Other than certain uniformed members of the armed forces, federal employees do not enjoy any particular privilege over private sector employees when it comes to protection from creditors. They do, however, enjoy the same set of protections under federal law as that of any other worker.
Fair Credit Collection Practices Act
The Fair Credit Collection Practices Act prohibits creditors from harassing you, threatening you or calling you extremely early in the morning or late at night. The Act also gives you the right to send a cease and desist letter to your creditor instructing it not to call you anymore. However, if you send this letter rather than staying in contact, they could be more inclined to file a lawsuit against you.
Federal Pension and Thrift Savings Plan Assets
Creditors can file lawsuits against federal employees for private debts and even obtain judgments against them or court orders to garnish federal workers' wages. However, they cannot seize any assets in federal pension plans, nor in thrift savings plans. Technically, these funds are not even in your name. Rather, the government holds assets in trust for you.

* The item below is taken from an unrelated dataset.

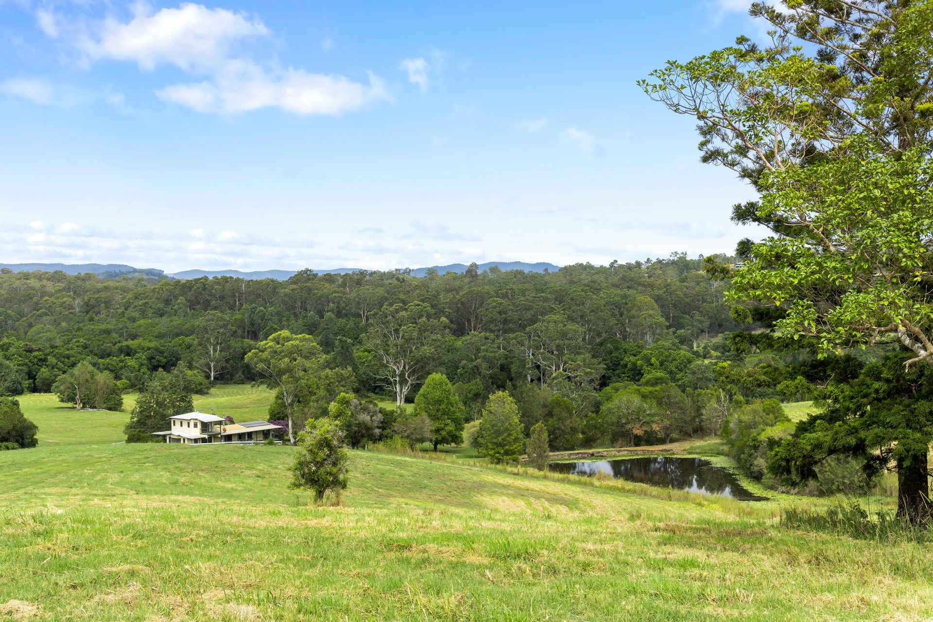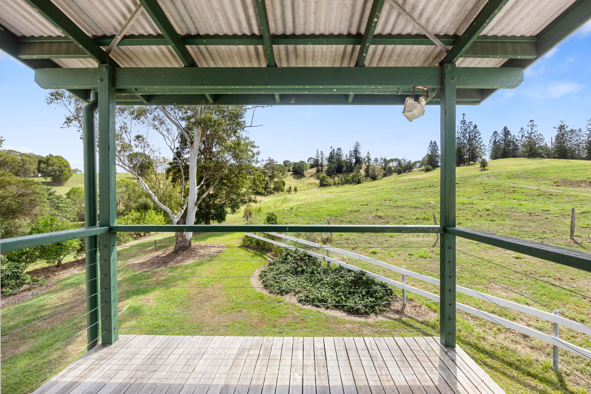 The split-level home was built in 1984 and is designed to maximize the panoramic views over rich creek flats to steeper ridge country. It incorporates character features like raked exposed beam ceilings and timber floors. The main level includes an air-conditioned open plan living area with bay window and combustion fireplace, a country kitchen with gas cooking, plus a separate spacious family room. Verandahs on both sides give you a choice of options for relaxing and enjoying the fresh air and tranquil outlook.

Soldiers and Sailors Civil Relief Act
The Act prohibits creditors from evicting or foreclosing on certain active duty members of the armed forces and mandates that the interest on the outstanding debt be reduced to 6 percent. However, the law only applies to service members who entered active duty after they incurred the debt.
Garnishment
Federal employees, as mentioned, are subject to having their wages garnished, if a creditor obtains a court order for it. However, the creditor can only garnish a certain amount, which varies depending on the debtor's domicile state. Generally, however, the creditor can not garnish more than 25 percent of the employee's take home pay, or 30 times the minimum wage in any given month. Family support orders may result in greater garnishments, however.